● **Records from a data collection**
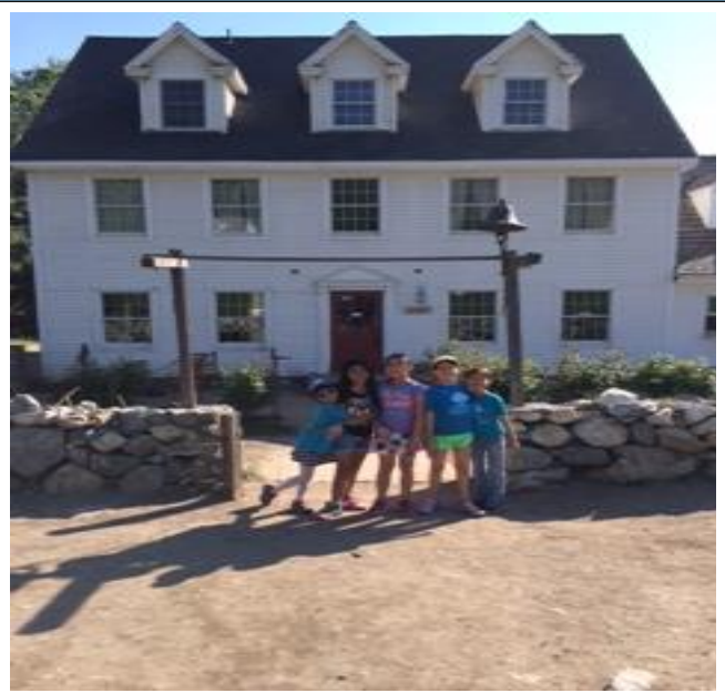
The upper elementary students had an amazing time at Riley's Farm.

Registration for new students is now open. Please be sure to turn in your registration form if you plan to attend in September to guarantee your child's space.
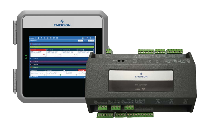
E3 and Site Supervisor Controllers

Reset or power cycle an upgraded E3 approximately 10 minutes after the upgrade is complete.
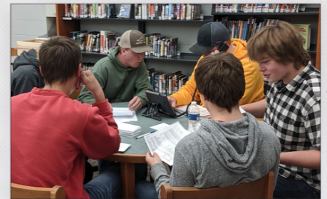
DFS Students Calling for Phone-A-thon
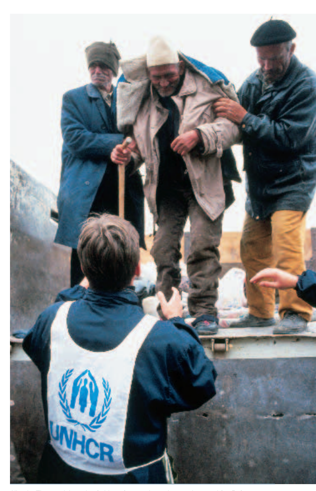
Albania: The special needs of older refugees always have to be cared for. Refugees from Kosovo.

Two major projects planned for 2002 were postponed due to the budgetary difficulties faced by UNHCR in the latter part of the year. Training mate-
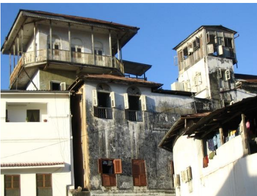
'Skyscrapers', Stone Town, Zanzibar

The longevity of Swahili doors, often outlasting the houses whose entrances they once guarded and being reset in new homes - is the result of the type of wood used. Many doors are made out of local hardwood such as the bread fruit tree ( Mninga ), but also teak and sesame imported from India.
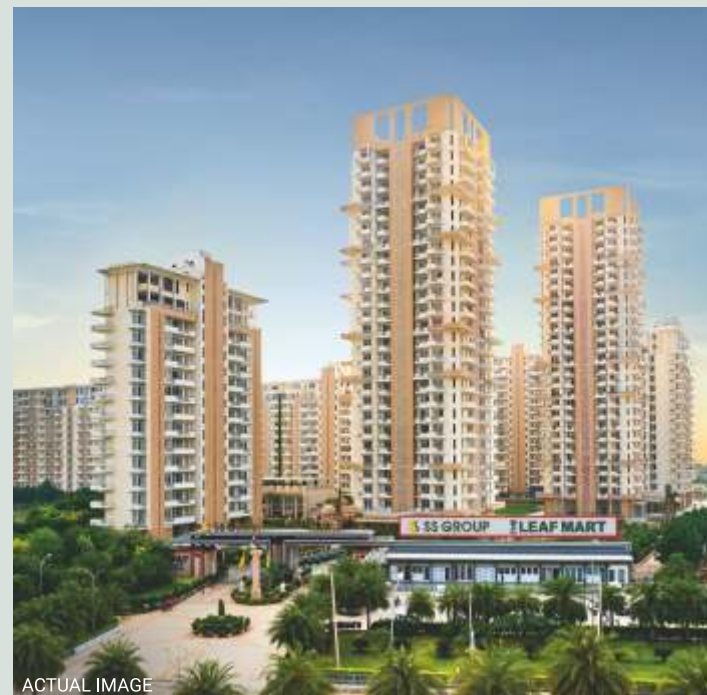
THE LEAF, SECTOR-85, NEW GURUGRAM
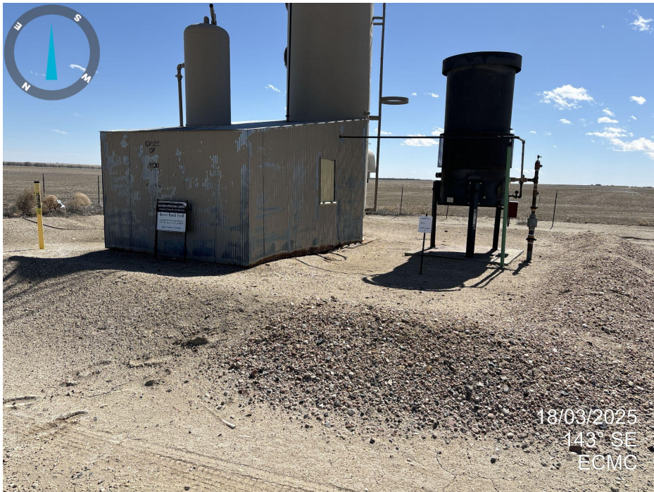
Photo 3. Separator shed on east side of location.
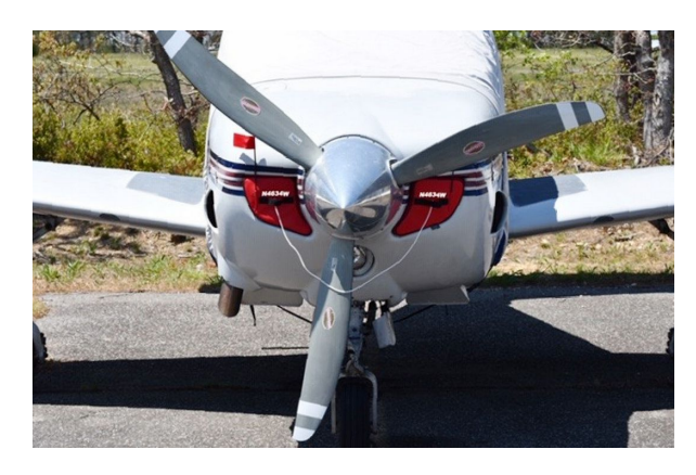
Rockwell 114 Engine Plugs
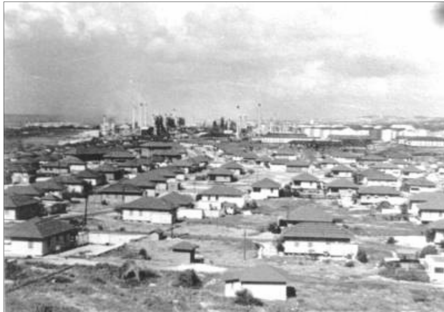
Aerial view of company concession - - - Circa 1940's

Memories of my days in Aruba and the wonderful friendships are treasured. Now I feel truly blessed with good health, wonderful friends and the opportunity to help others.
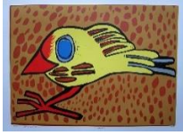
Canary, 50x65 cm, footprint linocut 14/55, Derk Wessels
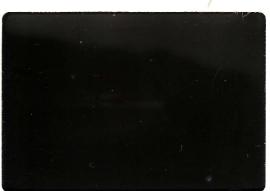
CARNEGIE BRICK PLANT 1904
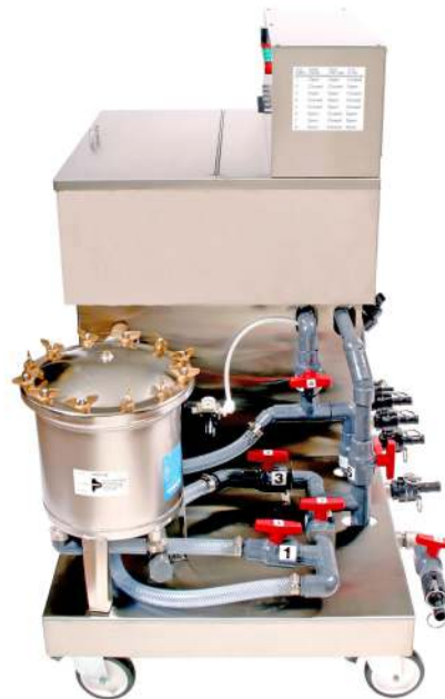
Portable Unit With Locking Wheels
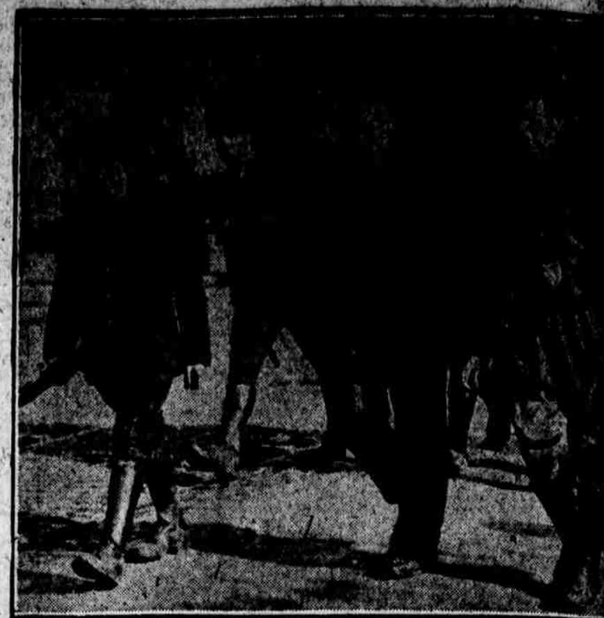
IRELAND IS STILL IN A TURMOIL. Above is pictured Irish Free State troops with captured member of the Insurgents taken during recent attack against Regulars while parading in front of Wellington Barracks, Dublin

--

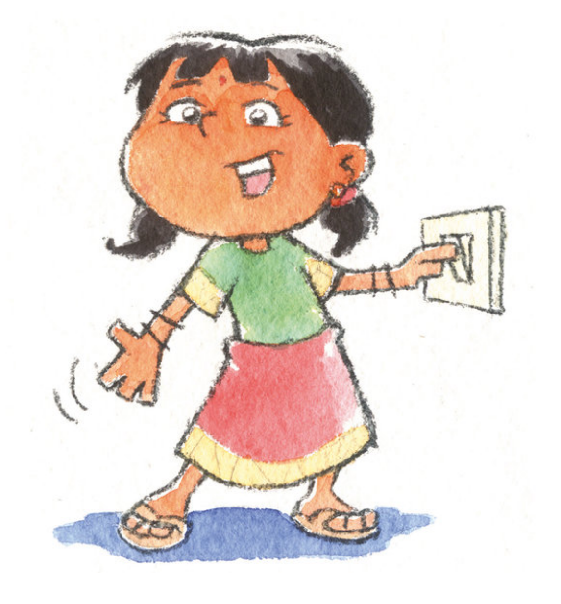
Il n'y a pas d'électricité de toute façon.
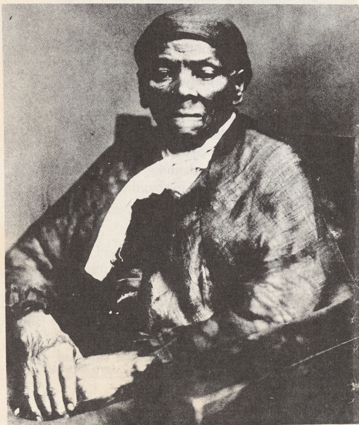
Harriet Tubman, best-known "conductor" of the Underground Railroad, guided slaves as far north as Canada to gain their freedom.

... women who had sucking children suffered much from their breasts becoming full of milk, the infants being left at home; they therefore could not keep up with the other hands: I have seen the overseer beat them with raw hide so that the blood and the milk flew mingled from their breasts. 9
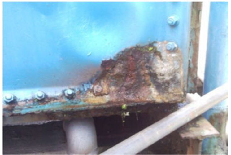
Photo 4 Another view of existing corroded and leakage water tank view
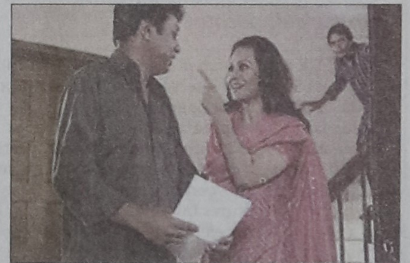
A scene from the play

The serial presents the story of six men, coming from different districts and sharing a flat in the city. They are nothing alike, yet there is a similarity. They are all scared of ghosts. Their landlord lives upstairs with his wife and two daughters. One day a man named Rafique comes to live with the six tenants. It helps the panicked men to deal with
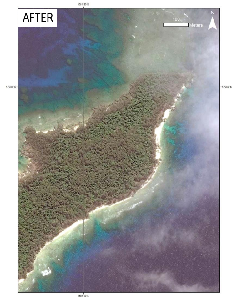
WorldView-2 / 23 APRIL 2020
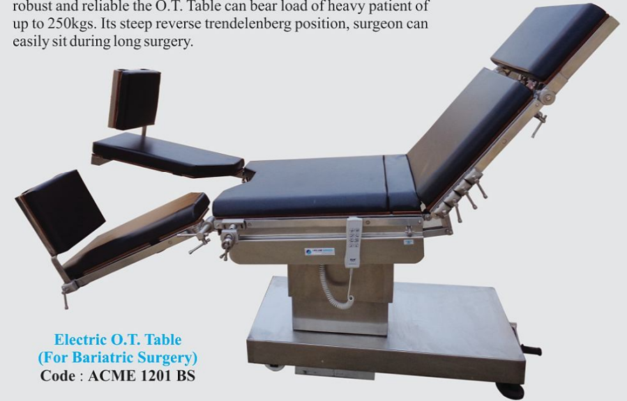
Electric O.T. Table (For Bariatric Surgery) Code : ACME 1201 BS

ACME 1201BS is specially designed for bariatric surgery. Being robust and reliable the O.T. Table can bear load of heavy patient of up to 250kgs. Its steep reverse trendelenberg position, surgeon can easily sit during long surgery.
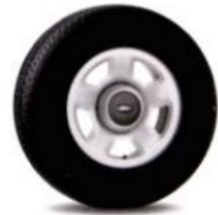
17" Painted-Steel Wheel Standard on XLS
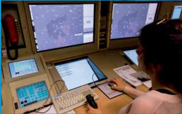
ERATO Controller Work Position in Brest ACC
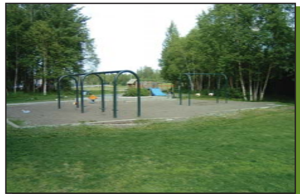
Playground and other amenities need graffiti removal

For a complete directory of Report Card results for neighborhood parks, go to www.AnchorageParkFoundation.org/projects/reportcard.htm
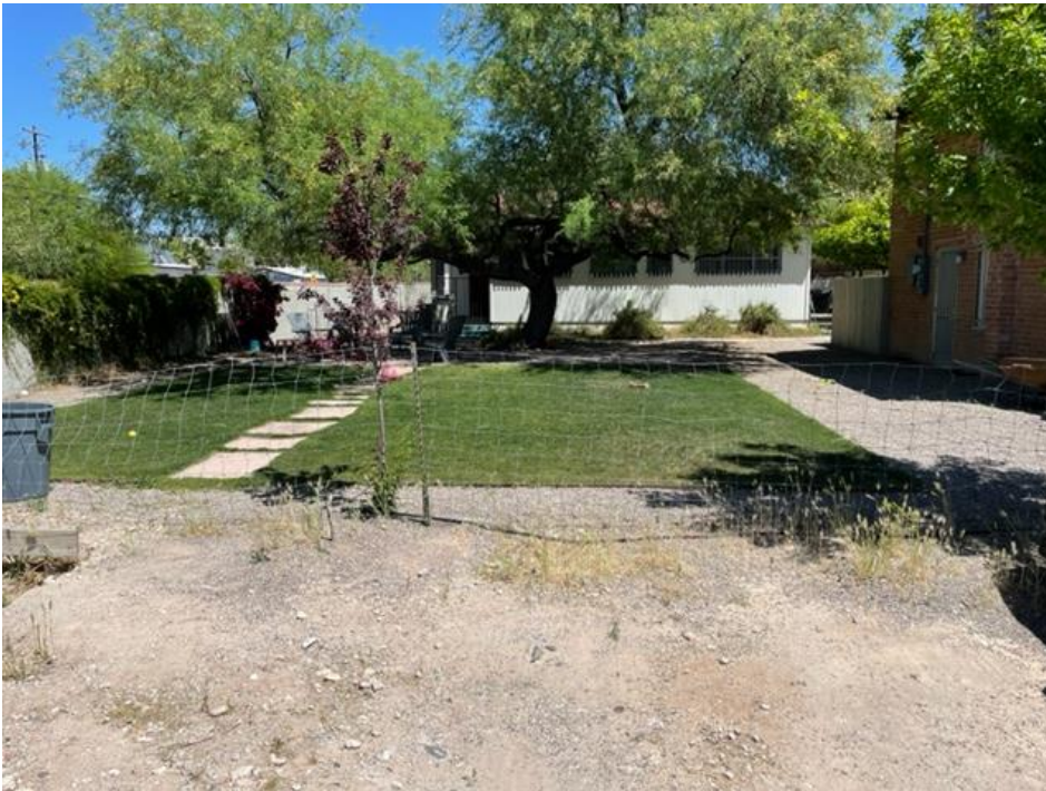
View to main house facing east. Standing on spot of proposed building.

● **Work instruction**
In the data above, tally the lines holding "projects" and answer with the figure only.

● **Exercise answer**
2